Pick the right lender for your business vehicle loan
There are many reasons to purchase a vehicle for business purposes. Commercial vehicles include dump trucks, agricultural equipment, town cars and box vans, to name a few. The range of vehicles is vast, but so are the financing options.
Financing a commercial vehicle is more complex than getting a standard auto loan. Although most commercial vehicle loans are secured by the vehicle itself, the type of vehicle you need as well as your business and personal finances affect your loan eligibility and conditions. Comparing lenders and getting preapproved for a loan is an essential starting point once you determine you need a vehicle for your business.
Light Vehicle: $10,000 to $250,000; Heavy Equipment: $25,000 to $10 million
Typically 2 years
1 to 10 years
The type of commercial vehicle determines the type of loan you can obtain.
Lenders categorize commercial vehicles as automobiles, vocational vehicles and transportation vehicles. Automobiles include company cars, taxi cabs and delivery vans. Vocational vehicles are used to perform specific work for specialized industries, such as equipment used on construction or agricultural jobs.
Transportation vehicles include long-haul transport trucks such as semi-trucks, 18-wheelers and tractor trailers. Many lenders view transport vehicles as higher risk compared to vocational vehicles because of their transient nature.
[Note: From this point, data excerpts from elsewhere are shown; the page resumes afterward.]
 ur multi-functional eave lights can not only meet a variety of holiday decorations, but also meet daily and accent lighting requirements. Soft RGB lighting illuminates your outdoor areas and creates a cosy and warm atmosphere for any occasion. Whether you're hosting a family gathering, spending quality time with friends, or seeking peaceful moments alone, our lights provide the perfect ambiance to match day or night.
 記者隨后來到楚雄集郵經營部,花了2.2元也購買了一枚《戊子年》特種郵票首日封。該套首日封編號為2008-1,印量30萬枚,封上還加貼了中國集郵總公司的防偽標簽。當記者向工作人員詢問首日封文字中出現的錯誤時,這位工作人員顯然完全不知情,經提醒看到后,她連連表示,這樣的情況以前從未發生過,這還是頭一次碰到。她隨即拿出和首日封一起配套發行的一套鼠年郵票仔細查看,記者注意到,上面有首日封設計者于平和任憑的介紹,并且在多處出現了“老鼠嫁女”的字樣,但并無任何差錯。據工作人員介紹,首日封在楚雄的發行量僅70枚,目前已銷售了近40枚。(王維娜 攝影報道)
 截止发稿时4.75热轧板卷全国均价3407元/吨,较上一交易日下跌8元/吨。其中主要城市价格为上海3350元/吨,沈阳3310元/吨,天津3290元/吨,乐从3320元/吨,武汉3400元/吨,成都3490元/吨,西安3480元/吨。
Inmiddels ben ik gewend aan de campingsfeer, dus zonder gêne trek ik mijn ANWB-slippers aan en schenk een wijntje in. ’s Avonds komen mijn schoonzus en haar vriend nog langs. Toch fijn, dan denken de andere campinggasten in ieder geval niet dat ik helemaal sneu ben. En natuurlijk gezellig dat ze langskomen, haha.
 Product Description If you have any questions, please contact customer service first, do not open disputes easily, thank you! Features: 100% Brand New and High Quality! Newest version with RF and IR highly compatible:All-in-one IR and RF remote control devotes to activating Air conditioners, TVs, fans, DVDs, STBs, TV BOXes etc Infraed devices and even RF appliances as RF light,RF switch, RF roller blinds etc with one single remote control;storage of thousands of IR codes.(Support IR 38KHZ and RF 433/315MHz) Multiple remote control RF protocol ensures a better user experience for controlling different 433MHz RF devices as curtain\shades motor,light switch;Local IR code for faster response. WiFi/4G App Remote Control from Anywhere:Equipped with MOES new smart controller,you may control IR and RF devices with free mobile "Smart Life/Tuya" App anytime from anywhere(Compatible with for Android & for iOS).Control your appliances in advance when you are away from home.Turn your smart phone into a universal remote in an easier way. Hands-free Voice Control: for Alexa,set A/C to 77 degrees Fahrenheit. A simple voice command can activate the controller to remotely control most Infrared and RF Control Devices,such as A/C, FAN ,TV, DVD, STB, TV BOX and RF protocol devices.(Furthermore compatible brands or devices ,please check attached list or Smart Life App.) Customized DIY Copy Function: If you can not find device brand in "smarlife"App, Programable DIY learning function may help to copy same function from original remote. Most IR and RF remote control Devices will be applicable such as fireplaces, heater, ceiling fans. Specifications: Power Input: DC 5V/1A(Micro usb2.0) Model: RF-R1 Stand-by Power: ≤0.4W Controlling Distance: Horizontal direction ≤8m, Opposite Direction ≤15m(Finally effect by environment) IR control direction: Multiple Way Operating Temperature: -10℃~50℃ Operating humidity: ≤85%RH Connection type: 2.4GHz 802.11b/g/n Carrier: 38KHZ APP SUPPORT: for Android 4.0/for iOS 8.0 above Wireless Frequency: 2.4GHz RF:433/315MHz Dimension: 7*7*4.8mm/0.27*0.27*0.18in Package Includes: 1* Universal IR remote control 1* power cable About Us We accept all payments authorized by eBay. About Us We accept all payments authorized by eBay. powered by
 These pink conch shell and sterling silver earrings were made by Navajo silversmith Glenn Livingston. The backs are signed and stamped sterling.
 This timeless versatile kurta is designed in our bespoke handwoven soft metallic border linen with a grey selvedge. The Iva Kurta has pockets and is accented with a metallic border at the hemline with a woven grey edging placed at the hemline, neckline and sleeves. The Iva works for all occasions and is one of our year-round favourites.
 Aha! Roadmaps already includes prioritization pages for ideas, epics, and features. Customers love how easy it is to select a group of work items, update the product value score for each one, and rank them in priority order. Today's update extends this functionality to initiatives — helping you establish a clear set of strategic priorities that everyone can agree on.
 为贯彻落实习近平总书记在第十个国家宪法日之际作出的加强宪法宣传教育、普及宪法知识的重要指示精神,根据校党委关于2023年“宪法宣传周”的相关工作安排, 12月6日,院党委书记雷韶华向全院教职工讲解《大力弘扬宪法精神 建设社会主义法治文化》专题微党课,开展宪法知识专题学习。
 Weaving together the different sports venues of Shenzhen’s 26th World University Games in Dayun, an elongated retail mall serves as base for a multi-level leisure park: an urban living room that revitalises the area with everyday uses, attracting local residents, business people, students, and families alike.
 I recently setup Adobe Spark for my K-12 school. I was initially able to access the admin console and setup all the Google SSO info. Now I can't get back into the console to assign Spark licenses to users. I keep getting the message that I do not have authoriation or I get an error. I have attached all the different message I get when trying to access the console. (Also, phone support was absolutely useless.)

Vehicles weighing less than 2 tons are often eligible for commercial vehicle loans structured more like auto loans and with shorter terms. Commercial vehicles heavier than 2 tons are generally financed through longer-term equipment loans.
Buying new ensures that the vehicle is in optimal condition, and it often comes with a warranty. New is often more expensive than a used vehicle. Depending on the vehicle, buying used can be cost-effective, particularly when dealing with heavy-duty equipment built to endure the wear. Loans for used vehicles — both standard automobiles and heavy-duty vehicles — tend to have higher interest rates and shorter available terms.
Although loan eligibility requirements vary from one lender to another, you may be assessed on factors that include your business and personal credit history. Typically lenders consider the following factors.
Dealerships and manufacturers do not directly issue loans, but often work with their preferred lenders to offer you financing options. Those loans may not always be the best choice for your company, however.
Before you start shopping, compare lenders and get preapproved for a commercial vehicle loan. This will give you a sense of the loan conditions and interest rates for which you qualify. For a company car or other standard automobile, you can often get better loan conditions from a third-party lender. Dealerships want you to finance through them, so having a preapproval in hand can help you negotiate lower loan rates when you’re ready to buy.
For fleet vehicles, specialized equipment or heavy transport vehicles, you may find it’s easier to qualify for a loan if you work with a knowledgeable commercial vehicle dealership. Be sure to do your due diligence to ensure that the dealer is experienced in financing business vehicles. Ask if they have a service shop and if they offer vehicle warranties. Compare preapproval offers with those from the dealership.
Interest rates for commercial vehicle loans can be fixed or variable, and are determined by your credit score, vehicle condition, loan amount and loan term.
Lenders evaluate both personal and business credit scores when calculating interest rates. Most commercial vehicle loan borrowers have credit scores in the 700s. If you have bad credit, you will likely pay a higher interest rate and have to personally guarantee the loan.
The vehicle’s miles and overall condition affect the final interest rate. New vehicles have low miles and are in excellent condition, so tend to get better rates. Loans for older vehicles typically carry higher interest rates and require large down payments. Most lenders won’t finance vehicles that are more than 15 years old, or that reach a maximum mileage limit.
Most commercial vehicle lenders require a down payment of 10 to 30 percent. While some lenders may offer to finance 100 percent of the costs to prime borrowers, it may not be the best option. Larger loan amounts typically come with higher interest rates and you pay more over the life of the loan. With a larger down payment, you establish equity in the vehicle, and avoid being in a position where you owe more than the vehicle is worth.
Most commercial vehicle loan terms are no more than 10 years, and frequently much shorter for small automobiles or used vehicles. Longer loan terms often have lower interest rates, but can still end up costing you more over time given the extended monthly payments.
Leasing — effectively a long-term rental agreement — is another option to acquire a commercial vehicle. Rather than financing to own the vehicle, leasing finances the vehicle’s use. At the end of the lease term you have the option to return the vehicle, continue leasing or purchase it. Leasing typically doesn’t require a down payment if you have a good credit score.
Commercial vehicle leases can be either an operating lease — where your business does not have any ownership of the vehicle — or capital lease, where your business is a joint title holder. An arrangement particularly popular with fleet vehicle financing is an operating lease with a terminal rental adjustment clause (TRAC) that establishes the purchase price of the vehicle at the beginning of the lease.